A record of exactly what the CPU was doing at a specific point in time, including which instructions it was running and what data it was working with. This record allows the processor to pause one task, switch to another, and later return to the original task exactly where it left off.

Imputation of missing data

Imputation involves replacing missing values, with an estimated value. It is one of three options for handling missing data. The general principle is to delete when the data are expendable, impute when the data are precious, and segment for the less common situation in which a large data set has a large fissure.

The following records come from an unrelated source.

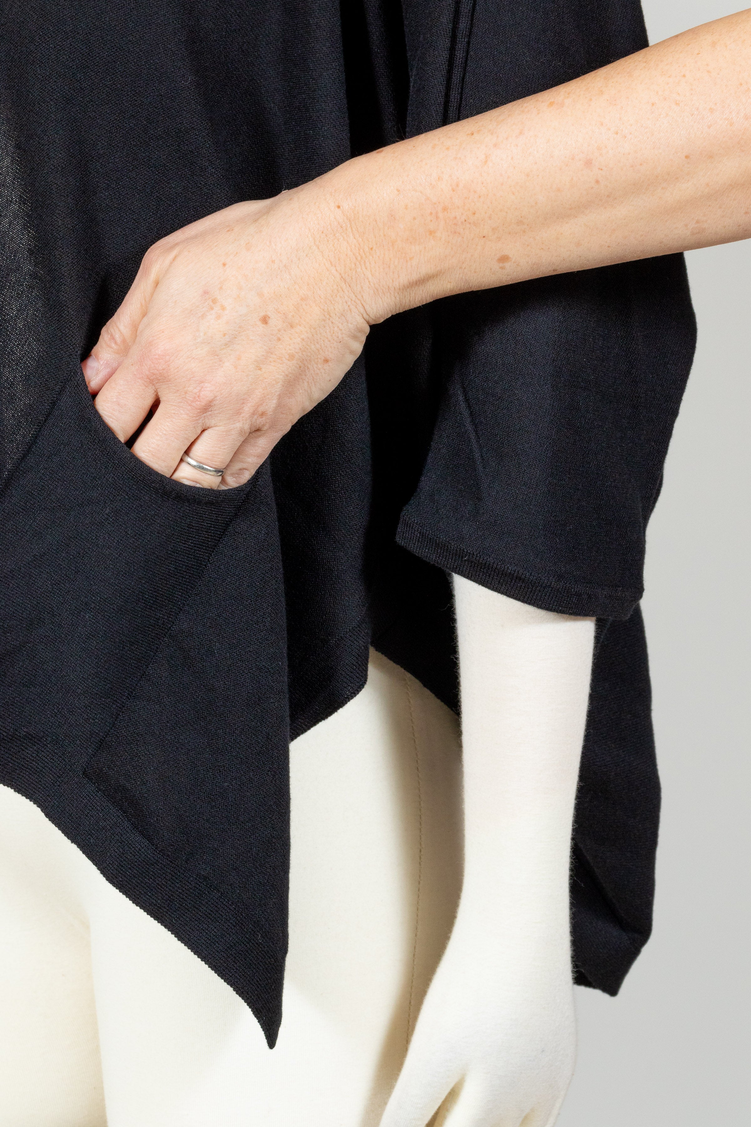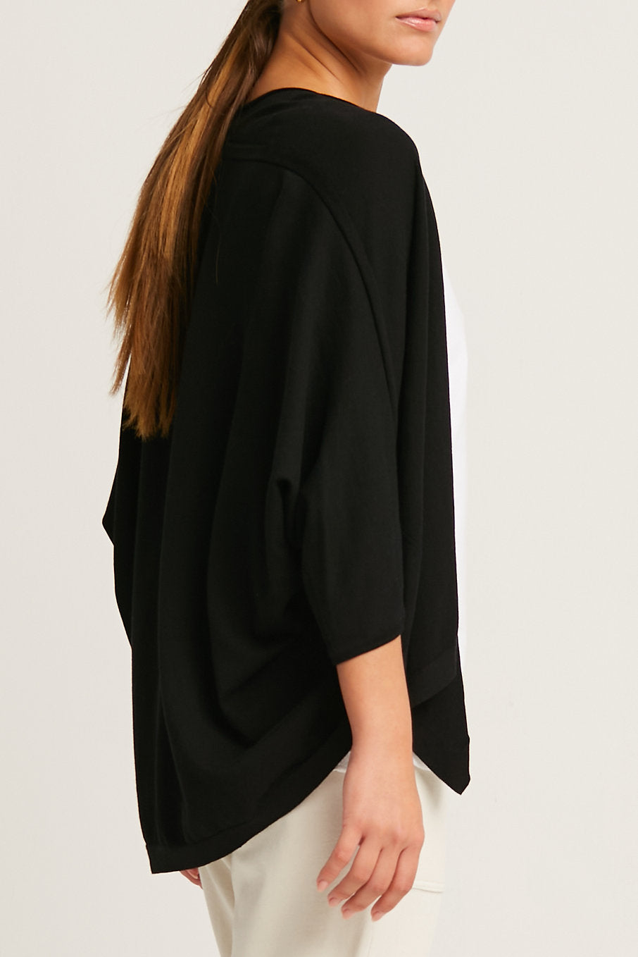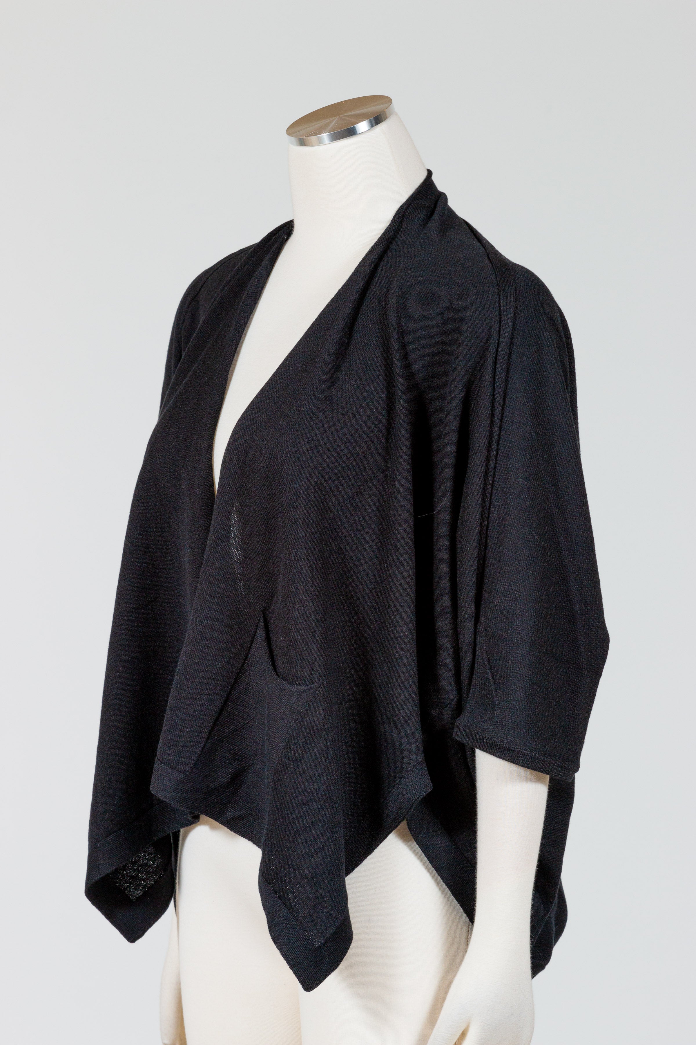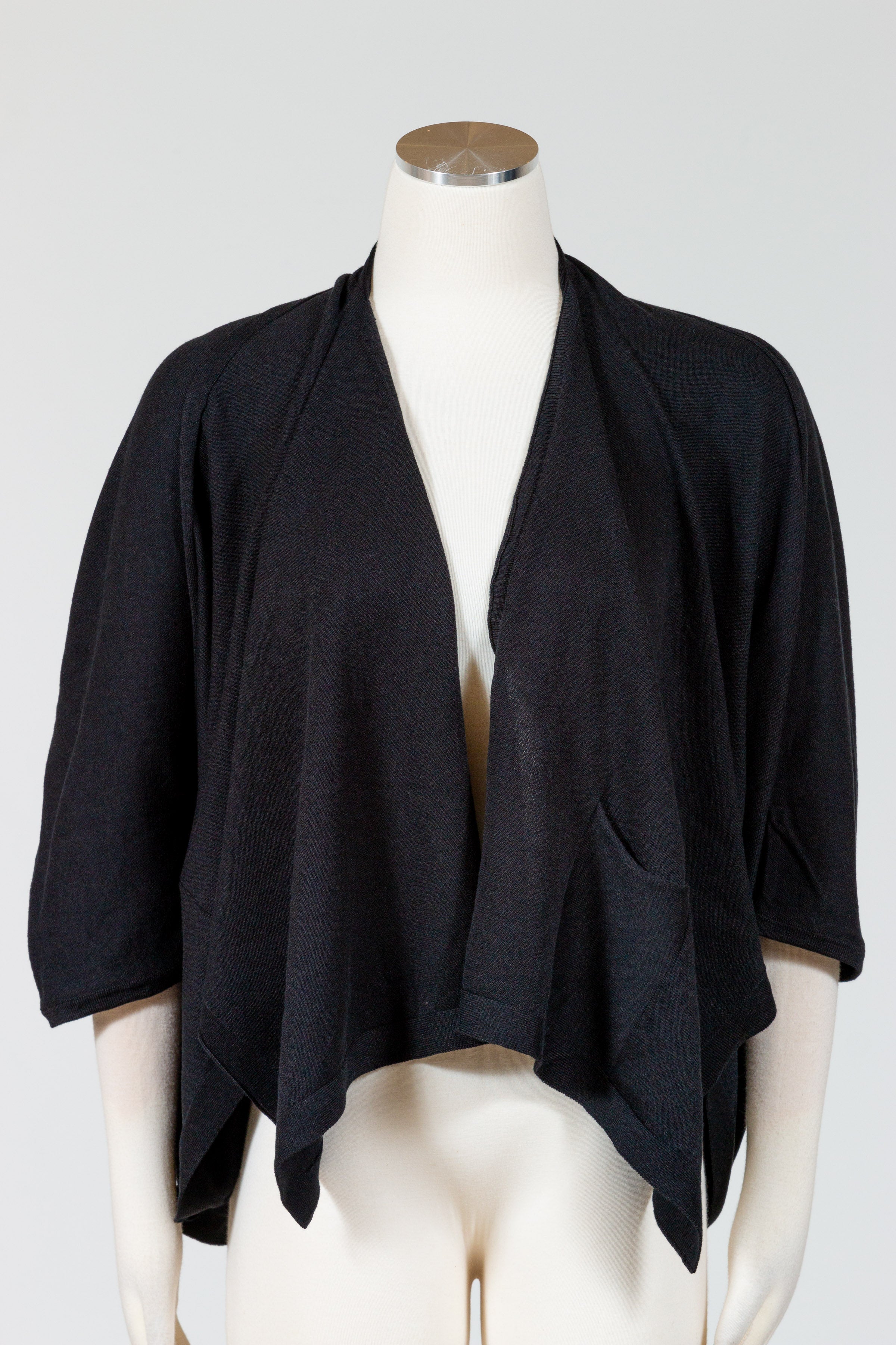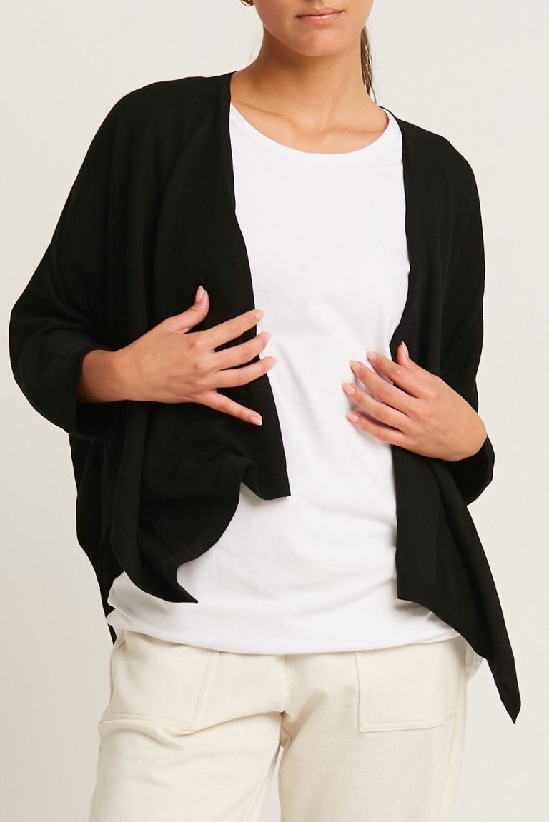 PLANET by Lauren G’s Pocket Cardi is a lightweight tissue knit cardigan made of soft luxurious Pima Cotton and Modal. Open front, this three quarter sleeved cardi has a loose, drapey cocoon shape. A perfect topper over a tank or dress. Falls over the hips. Features one patch pocket.Â
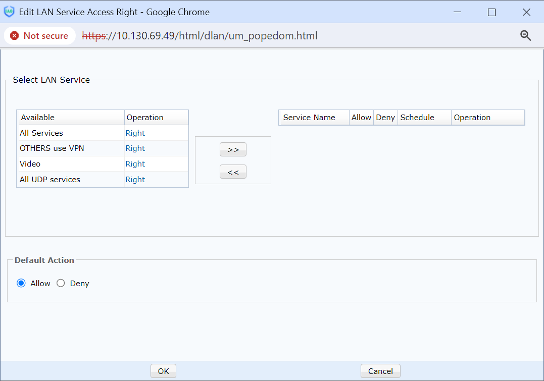 Edit LAN Service Access Right: Assign permissions to users connected to a VPN. This helps specify the services accessible to users. By default, there is no limit.
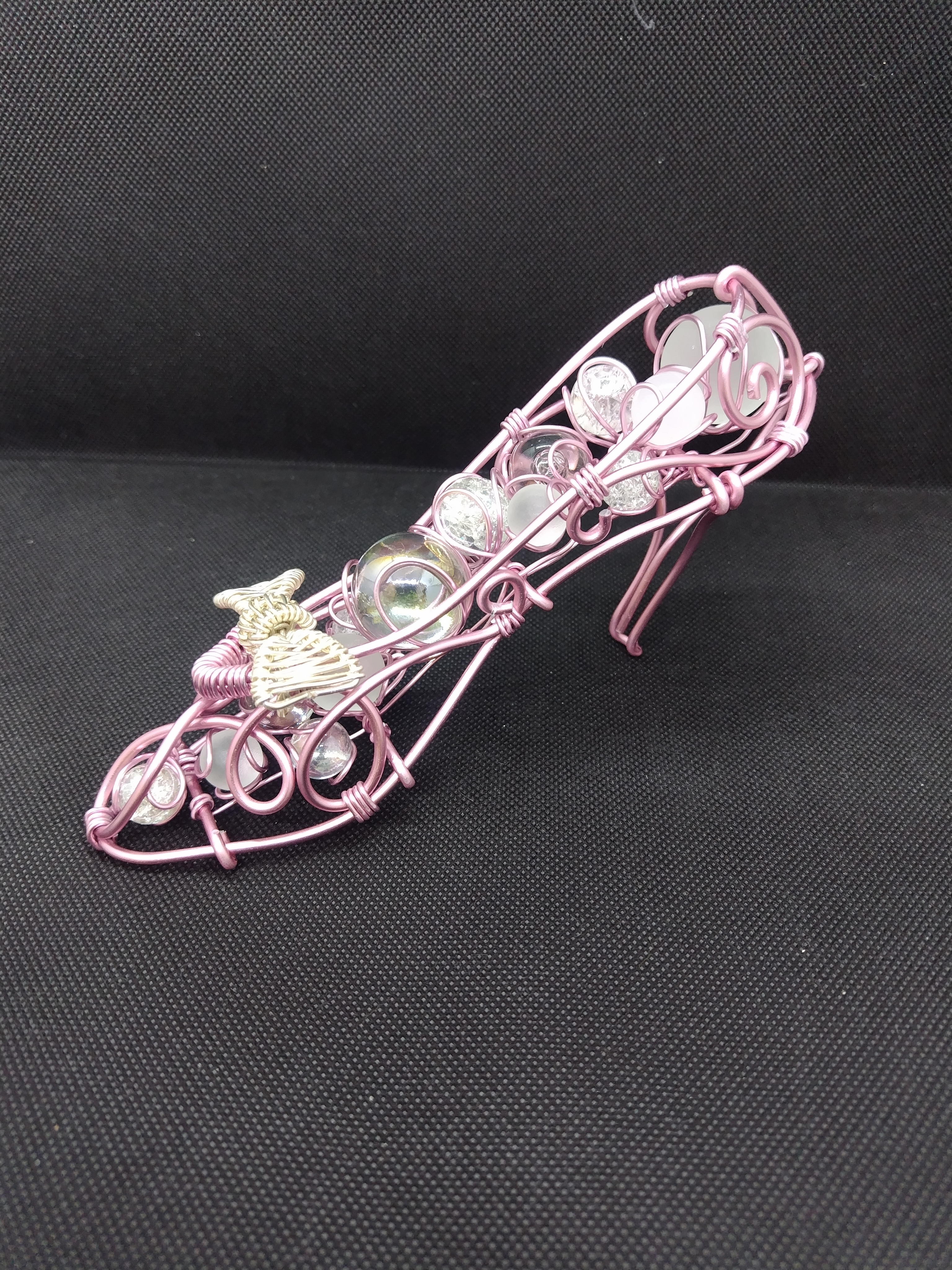 マーブルアートとはビー玉とワイヤーで作ったインテリア小物とアクセサリーです。 色々な種類のビー玉がキラキラ輝きとても綺麗です。
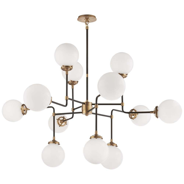 Studio designed 12-light metal chandelier in Hand-Rubbed Antique Brass and White glass. Fixture 52" with fixture and ceiling rods.Finishes: HAB, PNLamp: 12 x 40w E12 Candelabra bulb.

Source: SAGE Research Methods.

Indication risk

The likelihood that a synthetic data point is unique enough that it may lead someone to go looking for an identifiable individual or entity in real-world data. This can occur when synthetic data is created with high fidelity across multiple features as it reproduces the combinations of characteristics that make records distinctive. Just as with disclosure risk, managing indication risk is important for ensuring responsible use of data and meeting data protection requirements.

Informed consent

Informed consent is a process used in research where individuals are provided with complete and adequate information about a study including its risks, benefits, and alternatives, based on which the individual decides whether to participate in the study or not.

Source: SAGE Research Methods.

Interactive documentation

Interactive documentation turns static guides into hands-on experiences, enabling users to learn through doing rather than merely reading. For example, rather than reading a step-by-step guide on how to run a regression in R, a learner can write and execute the code directly within the documentation and see the output immediately. See also Non-interactive documentation.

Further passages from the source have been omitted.